> **Your instructions**:
Copied exactly and without pictures, the lines from the beginning of the entries through the one that holds "The document provides" should form the entire reply.

> **Material provided**:
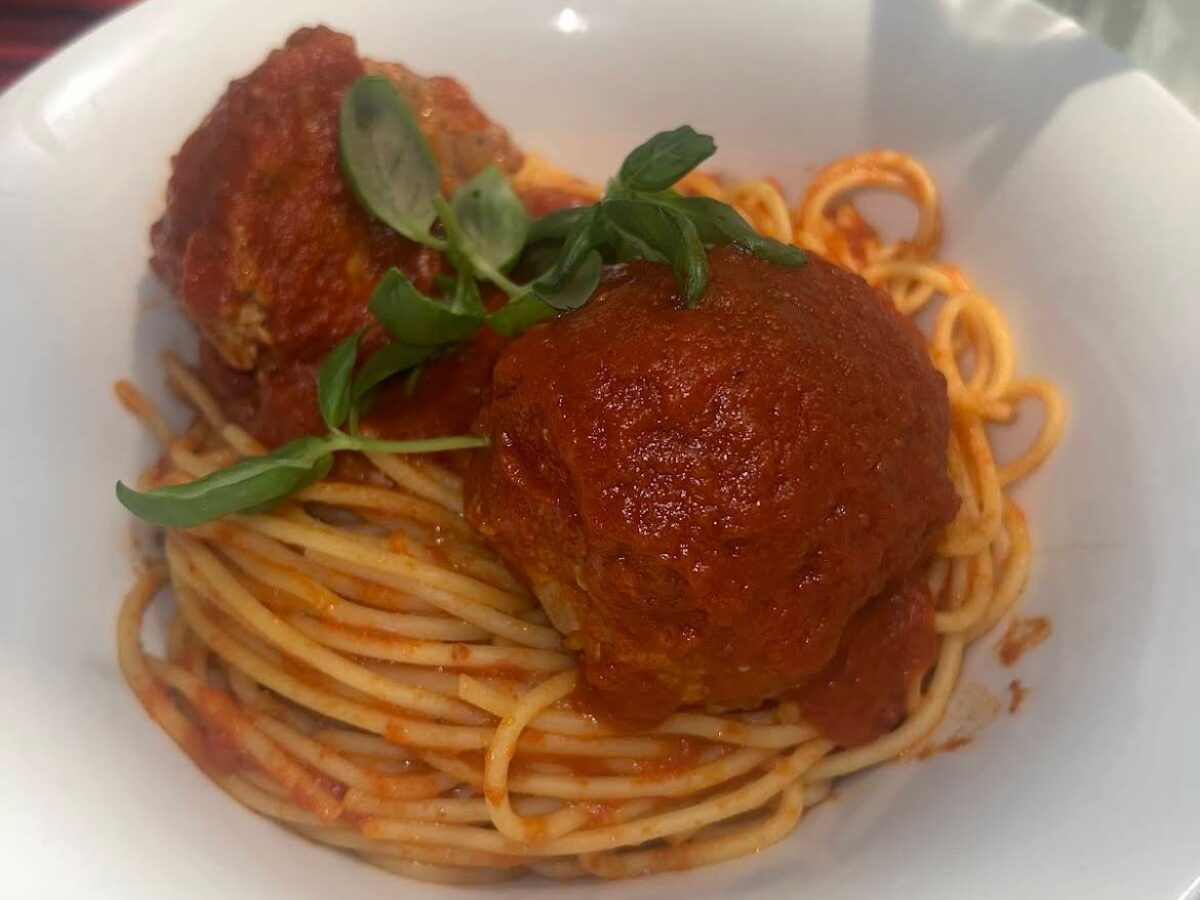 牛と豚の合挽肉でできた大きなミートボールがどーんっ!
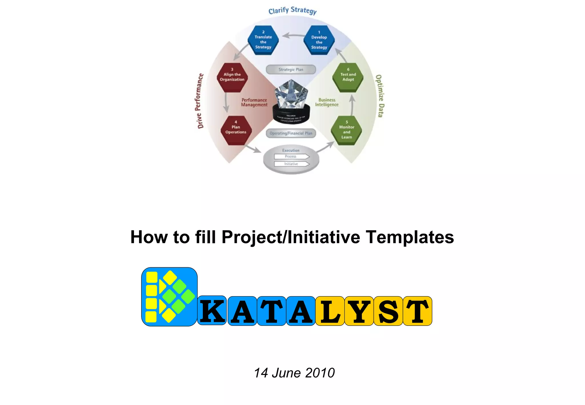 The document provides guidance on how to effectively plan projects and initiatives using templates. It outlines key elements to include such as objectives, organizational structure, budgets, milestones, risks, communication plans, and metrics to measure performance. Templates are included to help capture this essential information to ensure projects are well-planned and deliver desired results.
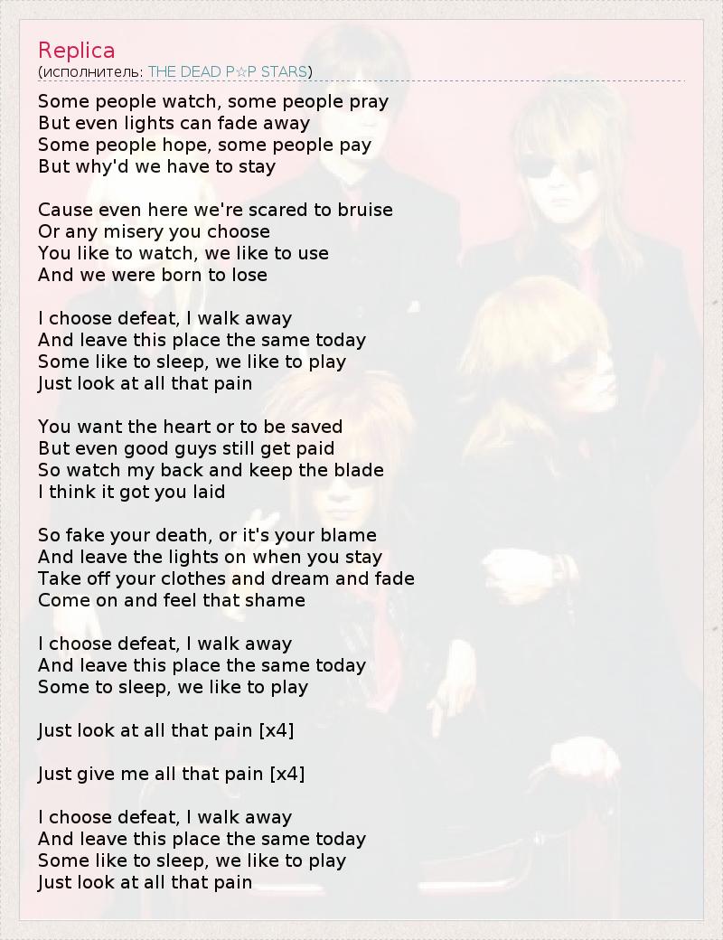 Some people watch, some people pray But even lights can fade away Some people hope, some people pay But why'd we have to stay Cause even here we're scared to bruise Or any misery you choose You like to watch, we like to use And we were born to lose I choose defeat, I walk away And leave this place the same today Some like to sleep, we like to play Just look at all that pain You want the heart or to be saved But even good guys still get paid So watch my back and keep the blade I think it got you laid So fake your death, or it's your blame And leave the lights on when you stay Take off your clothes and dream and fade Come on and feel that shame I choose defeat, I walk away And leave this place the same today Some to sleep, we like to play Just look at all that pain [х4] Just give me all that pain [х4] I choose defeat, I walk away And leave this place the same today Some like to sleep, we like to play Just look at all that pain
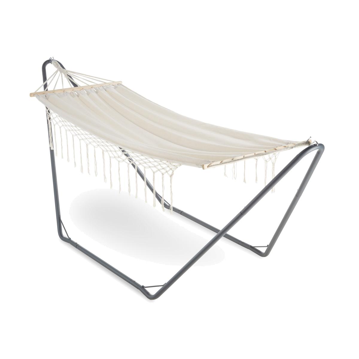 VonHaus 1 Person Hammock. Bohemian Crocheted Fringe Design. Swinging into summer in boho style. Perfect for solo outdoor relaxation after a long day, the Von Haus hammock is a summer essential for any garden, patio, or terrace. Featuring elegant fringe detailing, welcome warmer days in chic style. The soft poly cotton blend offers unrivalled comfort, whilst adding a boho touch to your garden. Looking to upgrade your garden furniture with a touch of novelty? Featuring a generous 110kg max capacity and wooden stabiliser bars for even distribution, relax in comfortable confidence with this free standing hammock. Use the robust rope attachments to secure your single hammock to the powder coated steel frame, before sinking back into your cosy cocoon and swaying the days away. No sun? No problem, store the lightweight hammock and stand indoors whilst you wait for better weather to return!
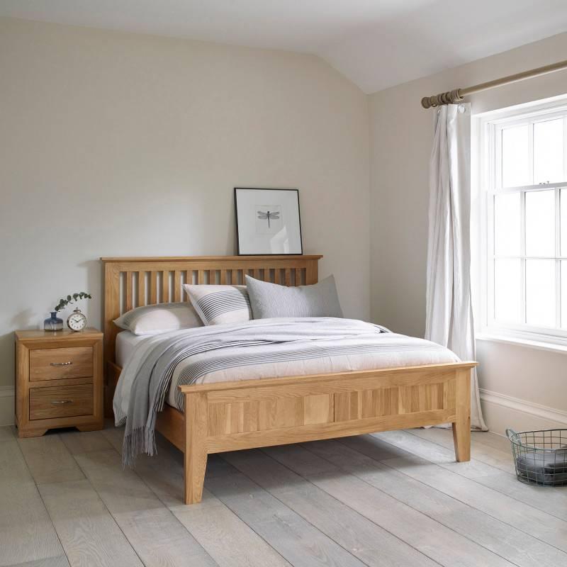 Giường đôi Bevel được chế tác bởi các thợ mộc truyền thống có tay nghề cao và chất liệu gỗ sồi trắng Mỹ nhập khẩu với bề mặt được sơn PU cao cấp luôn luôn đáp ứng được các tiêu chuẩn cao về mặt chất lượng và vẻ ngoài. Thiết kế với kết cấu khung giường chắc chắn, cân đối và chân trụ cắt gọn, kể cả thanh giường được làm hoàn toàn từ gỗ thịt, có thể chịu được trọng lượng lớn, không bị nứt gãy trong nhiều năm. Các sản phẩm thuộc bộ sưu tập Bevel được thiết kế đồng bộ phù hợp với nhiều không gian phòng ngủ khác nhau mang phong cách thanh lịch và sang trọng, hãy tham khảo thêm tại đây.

> **Solution for this exercise**:
 牛と豚の合挽肉でできた大きなミートボールがどーんっ!
 The document provides guidance on how to effectively plan projects and initiatives using templates. It outlines key elements to include such as objectives, organizational structure, budgets, milestones, risks, communication plans, and metrics to measure performance. Templates are included to help capture this essential information to ensure projects are well-planned and deliver desired results.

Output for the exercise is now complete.